Copy only what lies from the line containing "8. Angelegter Tegaderm" through the line containing "Ponte Fabricio broen" in the entries below, keeping both end lines exact and dropping every picture.

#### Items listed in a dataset
- Opening Delimiter -

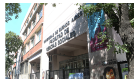
Facultad Latinoamericana de Ciencias Sociales de Buenos Aires
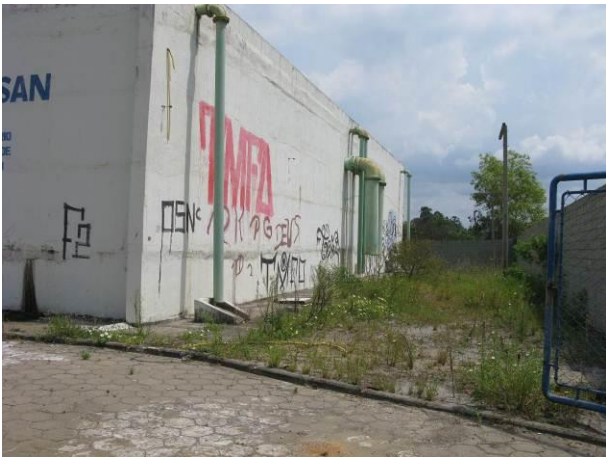
Figura 13 - Reservatório Praia Grande.

CONSTATAÇÃO C4: Ausência de escada de acesso à parte superior dos seguintes reservatórios: Praia Grande, Reservatório R1 – 150.000L e Reservatório R2 – 350.000L
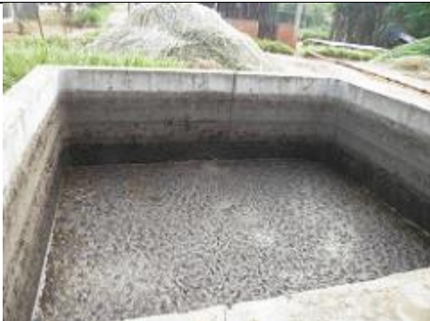
32. Le purin [ou lisier] des porcs est stocké dans une grande fosse. Il servira dans le digesteur de l'unité de production de biogaz situé à côté.
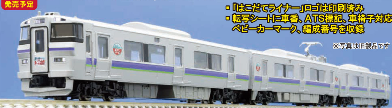
※写真は旧製品です
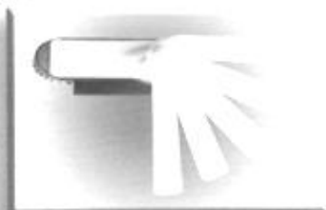
universell durch Drehgriff
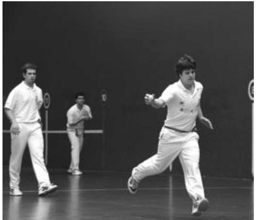
Pasa den urteko VI. Berria Txapelketako partidetak bat. ESTI EZEIZA

Kanporaketa horietan sailkatzen diren aurka jokatzeko zain
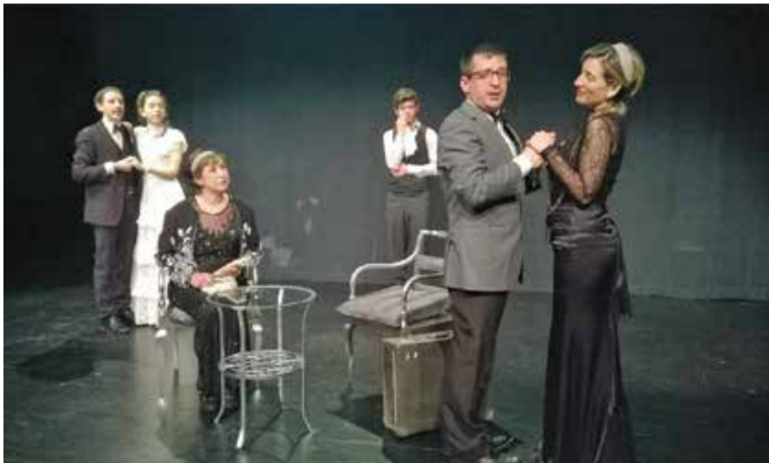
Assaig de l'obra 'La importància de ser Frank' d'Oscar Wilde || ETC

L'ETC estrena a la Sala de Petit Format 'La importància de ser Frank'
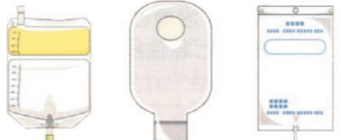
栄養剤バッグ ストーマ袋 CAPDバッグ
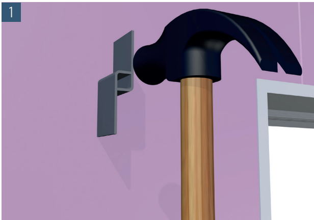
1 Distanzhalter an angezeichneter Position in die Dämmung einschlagen. Ggf. vorher die Dämmung etwas einschneiden
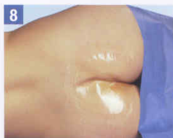
8. Angelegter Tegaderm Absorbent Sakralverband.
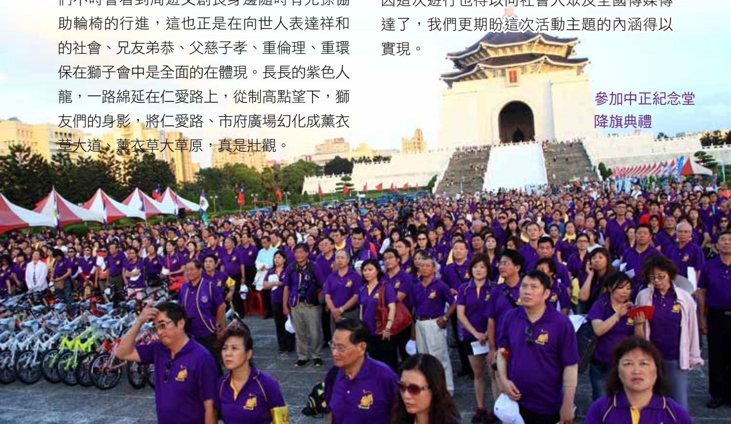
參加中正紀念堂 降旗典禮

這是一場集合公益、創意、健心健身、正能量傳遞的活動，獅友們在這近五公里的路程中，一路向社會傳遞我們重視子孫們的生活品質，我們期盼中華固有倫理道德能受重視並重建，我們希望人心應淨化以讓社會更祥和；同時在這次活動中，獅子會的社會公益服務新形象被強化了；國際獅子會300A2區團隊「我們服務」的行動和理念，因這次遊行也得以向社會大眾及全國傳媒傳達了，我們更期盼這次活動主題的內涵得以實現。
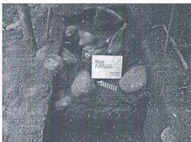
Figura 3. AA9d/6 Empedrado.
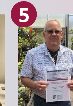
Centre jardin Montminy
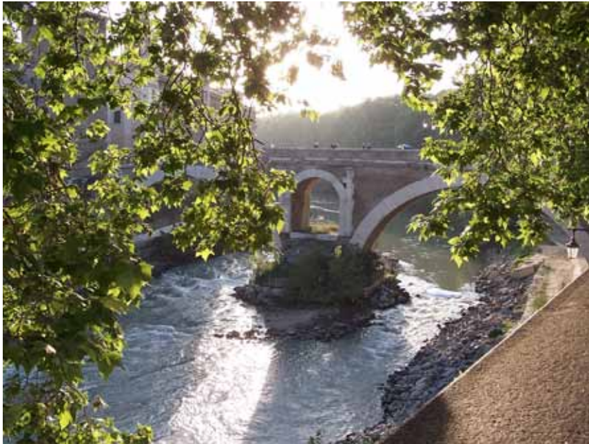
Ponte Fabricio broen over til Tiberøen er bygget i 62 f. Kr.
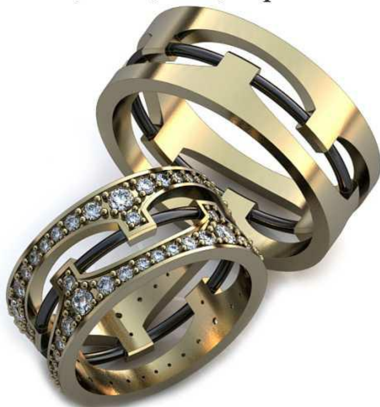
223ж/Р-18,0/Ш-9,7/Т-1,7/ Кр 1.3-24,1.4-8,1.4-16,1.5-16,2.3-8/Вес-7,4 223м/Р-21,0/Ш-8,8/Т-1,9/Вес-10,2
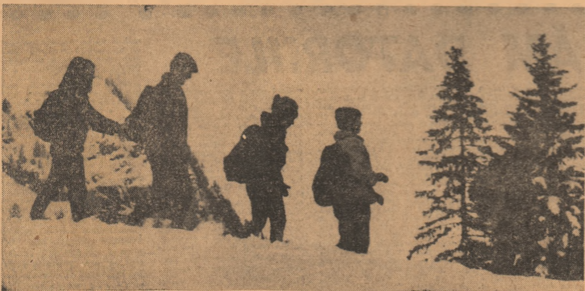
În vacanță, spulberînd omătul imaculat al munților
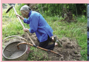
虽然眼睛看不见，老奶奶还是摸索着上山干农活
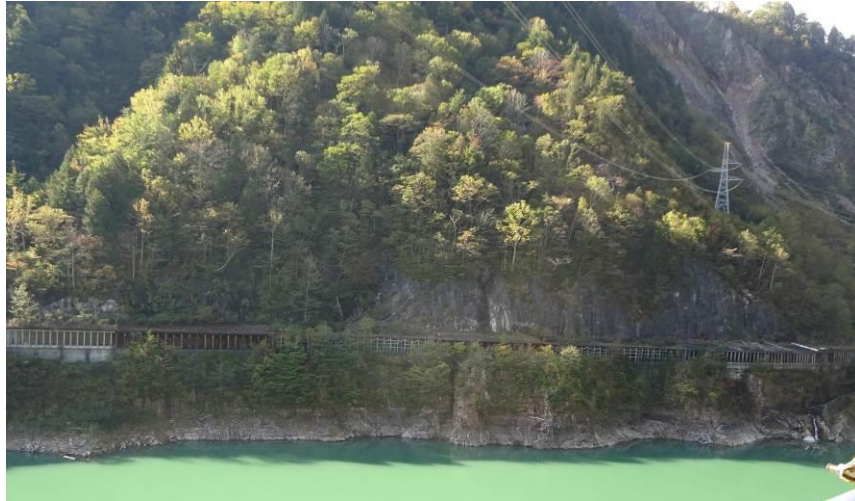
古いロックシェッド（屋根が平坦状）
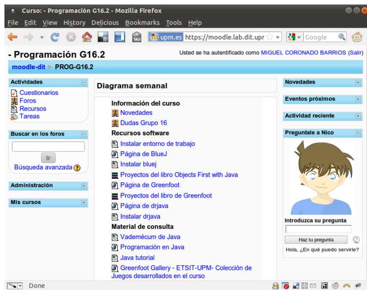
Figura 4. Interfaz de conversación con alumnos integrada en Moodle

La interfaz de alumnos de TutorGSI se integra dentro de la de Moodle como un módulo que puede colocarse en cualquier actividad definida en un curso de Moodle. Se ha desarrollado así porque, al ser Moodle una plataforma con un gran número de usuarios, se pretende que tanto los alumnos como profesores, estén acostumbrados a manejarse por la interfaz de manera que el uso de las funcionalidades que añade TutorGSI sea intuitivo. En la Figura 4 se puede ver un extracto de la interfaz de alumnos.
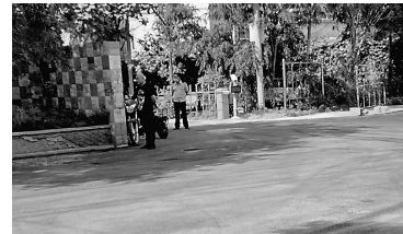
坑洼路面已经修复。

5月24日，辽沈帮帮帮以《小区门口坑洼不平 下雨天积水难行》报道铁西区三号街十四号路友谊城小区西南门路面坑洼不平，每逢下雨便积水难行的情况。
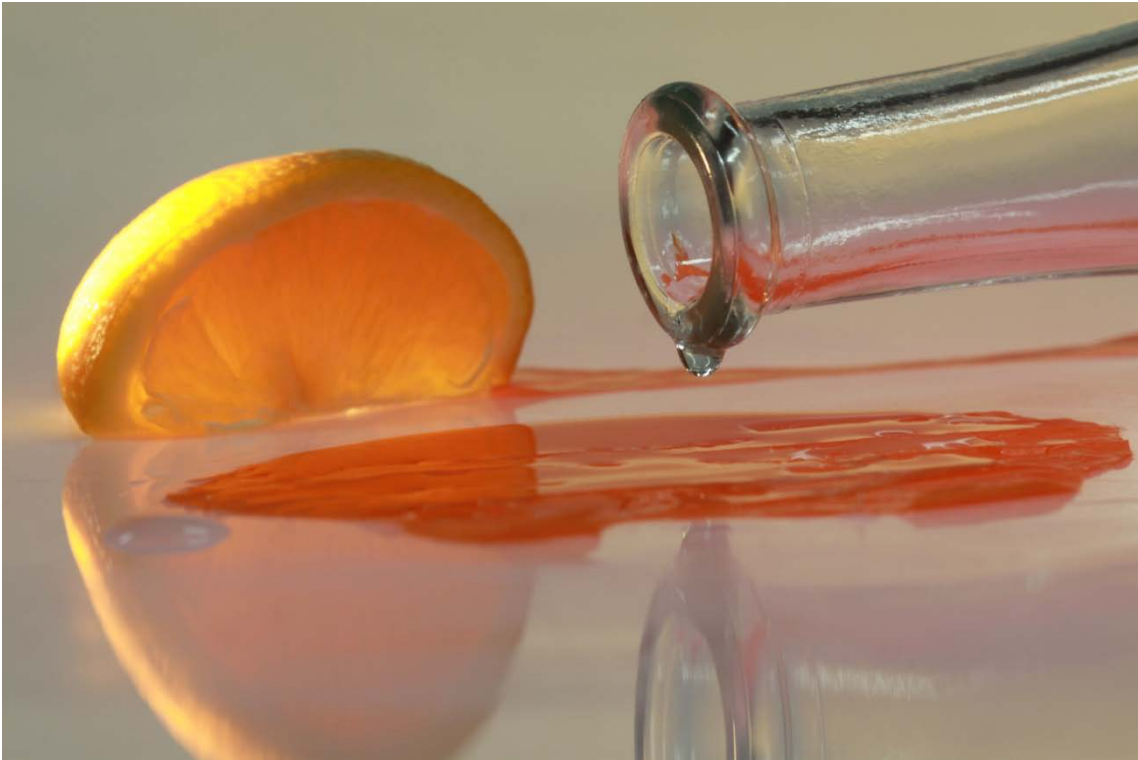
Photo 6 Composition avec l'éclairage définitif prise de vue dans le studio éclairé.
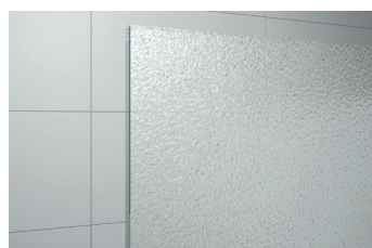
↑ Vitrage Granité
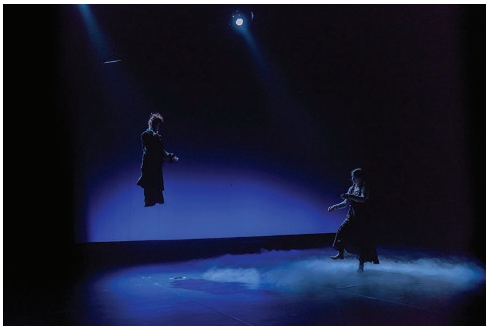
Figura 12 - K, Cie Sans Souci, 2019. Direção: Max Legoubé.

- Closing Delimiter -

#### Solved exercise
8. Angelegter Tegaderm Absorbent Sakralverband.
參加中正紀念堂 降旗典禮

這是一場集合公益、創意、健心健身、正能量傳遞的活動，獅友們在這近五公里的路程中，一路向社會傳遞我們重視子孫們的生活品質，我們期盼中華固有倫理道德能受重視並重建，我們希望人心應淨化以讓社會更祥和；同時在這次活動中，獅子會的社會公益服務新形象被強化了；國際獅子會300A2區團隊「我們服務」的行動和理念，因這次遊行也得以向社會大眾及全國傳媒傳達了，我們更期盼這次活動主題的內涵得以實現。
Figura 3. AA9d/6 Empedrado.
Centre jardin Montminy
Ponte Fabricio broen over til Tiberøen er bygget i 62 f. Kr.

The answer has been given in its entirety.